I followed your advise and run the your initial test. It does not crash the server anymore but it get's slower and slower:

+-------+-------------------------------------------------------------------------+
| v     | @x                                                                      |
+-------+-------------------------------------------------------------------------+
| 38650 | update tq set s1 = repeat(0x2395,291), s0=38650, s2 = repeat(0xB9,7458) |
+-------+-------------------------------------------------------------------------+
1 row in set (1 day 1 hour 9 min 59.74 sec)

+-------+-------------------------------------------------------------------------+
| v     | @x                                                                      |
+-------+-------------------------------------------------------------------------+
| 38651 | update tq set s1 = repeat(0x15C6,549), s0=38651, s2 = repeat(0x13,7264) |
+-------+-------------------------------------------------------------------------+
1 row in set (1 day 1 hour 10 min 4.20 sec)

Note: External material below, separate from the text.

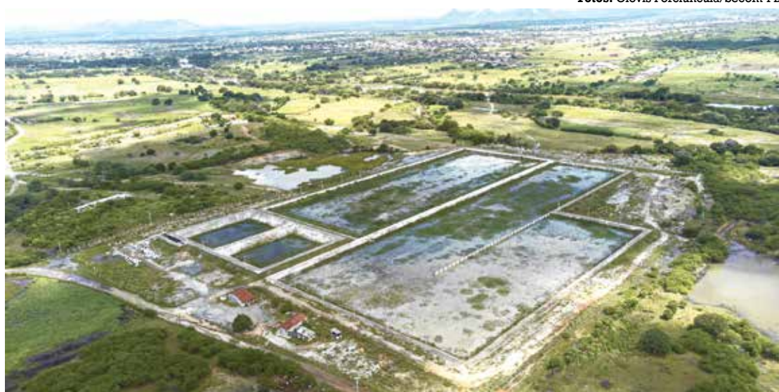
Obras em São Bento, uma das cidades contempladas, serão entregues ainda neste mês de maio

+-------+------------------------------------------------------------------------+
| v     | @x                                                                     |
+-------+------------------------------------------------------------------------+
| 38652 | update tq set s1 = repeat(0xFEC,858), s0=38652, s2 = repeat(0x12,7768) |
+-------+------------------------------------------------------------------------+
1 row in set (1 day 1 hour 10 min 8.67 sec)

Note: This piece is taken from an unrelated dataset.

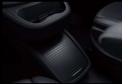
滑盖式中央储物箱

保持（HOLD）功能可在仅轻踩或部分踩下制动踏板时阻止车辆行进。满足短时间驻车停留等候需求，方便您的商务出行。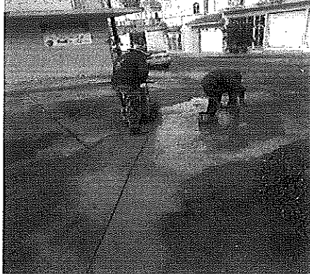
Calle 20 de Noviembre Esq. Allende

+-------+------------------------------------------------------------------------+
| v     | @x                                                                     |
+-------+------------------------------------------------------------------------+
| 38653 | update tq set s1 = repeat(0x1A48,33), s0=38653, s2 = repeat(0x25,6356) |
+-------+------------------------------------------------------------------------+
Segmentation fault

After one day mysql client crashed.

If you think the performance or the client crash is a bug, feel free to open a new bug about it.

Best regards,

Hakan
[2 May 2007 18:59] Peter Gulutzan
I now encounter a 'recovery failure' problem using this procedure.

How to repeat:

Create procedure and call it as originally described.
Let it run for at least 5 seconds.

Elsewhere, find out the mysqld process number and kill it, e.g.
"
linux:/home/pgulutzan # ps -A | grep mysqld
12471 pts/1    00:00:02 mysqld
linux:/home/pgulutzan # kill -9 12471
"

Restart mysqld.

Restart mysql client. Say 'use (databasename)' and/or 'select * from tq;'.

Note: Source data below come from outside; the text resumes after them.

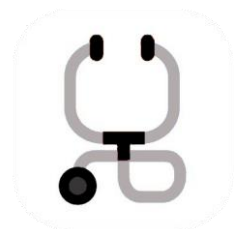
Ir al médico si tengo algunos de los síntomas anteriores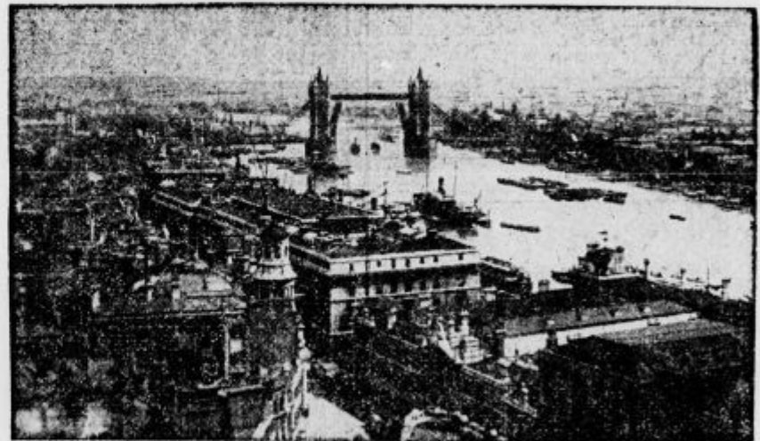
Pristanišče ob reki Temzi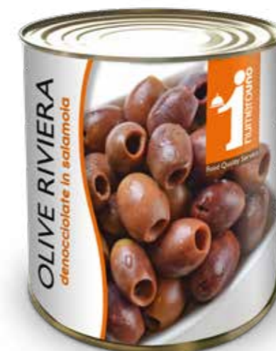
804 Olive Riviera denocciolate in salamoia 780g

“Un vero classico per dare gusto ad ogni aperitivo disponibile in molte varietà e tipi di preparazione”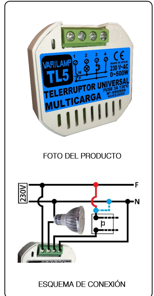
FOTO DEL PRODUCTO

Evita conmutadas y cruzamientos. APTO PARA LED.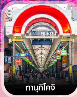
ทามุกิโคจิ

คอนเฟิร์ม ออกเดินทาง ทุกพีเรียด 2 ท่านขึ้นไป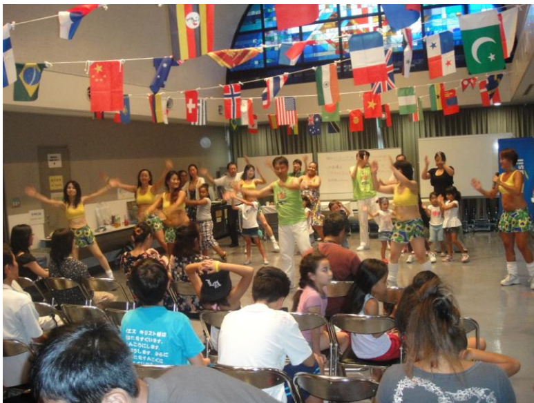
ブラジル総領事館交流イベント

I tried that 3 times, and got a crash 3 times.

There are already bugs about recovery failure, e.g. Bug#25017,
but I like this example because I think/hope it will be easy to reproduce.
[9 May 2007 16:44] Kevin Lewis
This bug has been fixed, mutated, and re-opened so many times I don't knwo what the problem is.  There seems to be a complaint about a performance problem and a recovery issue.  Please open individual bugs for each issue.
[20 May 2007 5:17] MC Brown
Already documented in the 6.0.0 changelog.